WASHINGTON, May 16 (Xinhuanet) -- The Newsweek magazine retracted on Monday a report that claimed US interrogators at Guantanamo Bay, Cuba, had desecrated the Koran, and has caused widespread protests across the Muslim world.
"Based on what we know now, we are retracting our original story that an internal military investigation had uncovered Koran abuse at Guantanamo Bay," Newsweek Editor Mark Whitaker said in a statement.
The move came a day after the magazine said that parts of the article might be wrong. "We regret that we got any part of our story wrong, and extend our sympathies to victims of the violence and to the US soldiers caught in its midst," Whitaker wrote in the magazine's latest issue, due to be on US newsstand on Monday.

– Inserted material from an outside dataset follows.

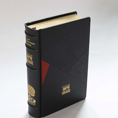 Книга облечена в переплёт ручной работы из кожи производства компании J. Hewit & Sons Ltd (Великобритания) со вставкой из кожи экзотических животных. Футляр покрыт шелком ANTILOTEX (Италия). Тиснение золотом 24K.
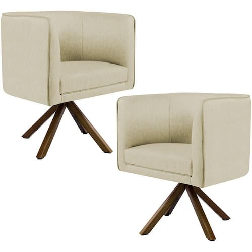 O Kit 02 Poltronas Decorativa Base Giratória de Madeira Betina D02 Linho Bege C-129 - Lyam Decor exala formosura e elegância! Excelente opção para dispor em sua sala de estar ou espera, recepção, hall de entrada, dormitório, qualquer área de circulação ou antessala entre um cômodo e outro, as possibilidades de combinação são infinitas. Seu protagonismo é notório, sem sombra de dúvidas é perfeita para qualquer ambientação que desejar colocá-la.

Earlier on Monday, White House spokesman Scott McClellan said the article "has had serious consequences" and had damaged US image abroad. "People have lost their lives. The image of the United States abroad has been damaged," he said.
Pentagon spokesman Bryan Whitman also said on Monday the Newsweek article "was irresponsible and had significant consequences that reverberated throughout Muslim communities around the world."
US Secretary of State Condoleezza Rice has described the report as "appalling" and said it had created a "very major problem" for Washington in the Muslim world.
A Newsweek story in its issue dated May 9 reported that American military investigators had found evidence that interrogators at the Guantanamo prison facility had flushed a Koran down a toilet, to get inmates there to talk.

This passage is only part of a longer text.